NVIDIA Management Library (NVML)
The NVIDIA Management Library (NVML) is a C-based programmatic interface for monitoring and managing various states within Data Center GPUs. It is intended to be a platform for building 3rd party applications, and is also the underlying library for the NVIDIA-supported nvidia-smi tool. NVML is thread-safe so it is safe to make simultaneous NVML calls from multiple threads.
Query-able states includes:
- Identification: Various dynamic and static information is reported, including board serial numbers, PCI device ids, VBIOS/Inforom version numbers and product names.
- GPU utilization: Current utilization rates are reported for both the compute resources of the GPU and the memory interface.

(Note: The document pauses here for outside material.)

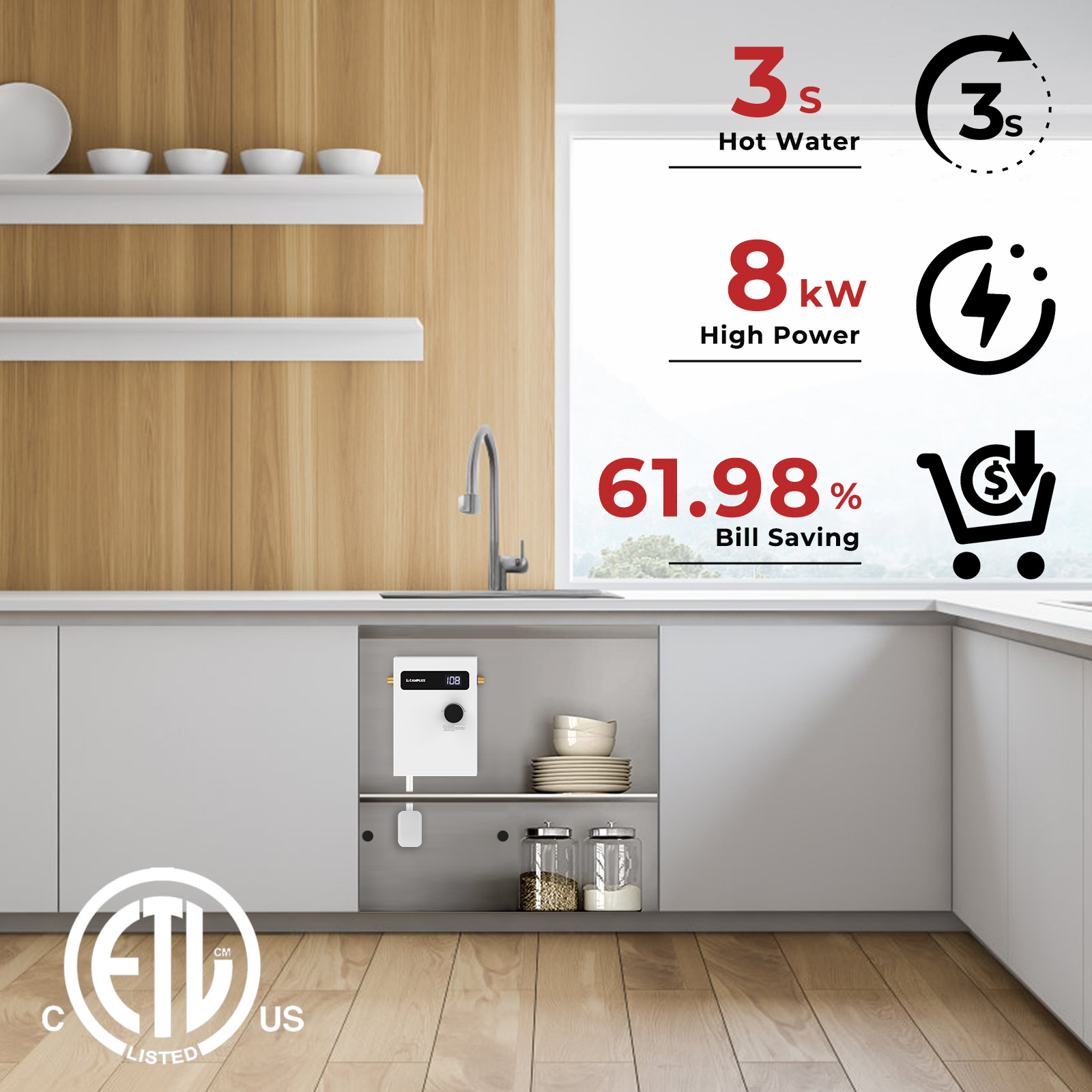 Camplux is a brand known for water heaters, especially outdoor propane tankless water heaters, indoor tankless or mini tank electric water heaters. Camplux tankless electric water heaters TEW series, designed for continuous hot water, energy-efficient, provide hot water on demand instantly. Lightweight, compact design that’s easy to handle and install. Build in smart modulation system, adjusts power automatically when flow rate and temp setting changes, keeping stable temperature of the output hot water, no waiting for preheat.

- ECC error counts: Both correctable single bit and detectable double bit errors are reported. Error counts are provided for both the current boot cycle and for the lifetime of the GPU.
- Temperature and fan speed: The current core GPU temperature is reported, along with fan speeds for non-passive products.
- Power management: For supported products, the current board power draw and power limits are reported.
- Active compute process: The list of active processes running on the GPU is reported, along with the corresponding process name/id and allocated GPU memory.
- Clocks and PState: Max and current clock rates are reported for several important clock domains, as well as the current GPU performance state.
Modifiable state includes:
- ECC mode: Enable and disable ECC.
- ECC reset: Clear single and double bit ECC error counts.
- Compute mode: Control whether compute processes can run on the GPU and whether they run exclusively or concurrently with other compute processes.
- Persistence mode: Control whether the NVIDIA driver stays loaded when no active clients are connected to the GPU.
The NVIDIA Management Library can be downloaded as part of the NVIDIA GPU Driver for Linux and Windows.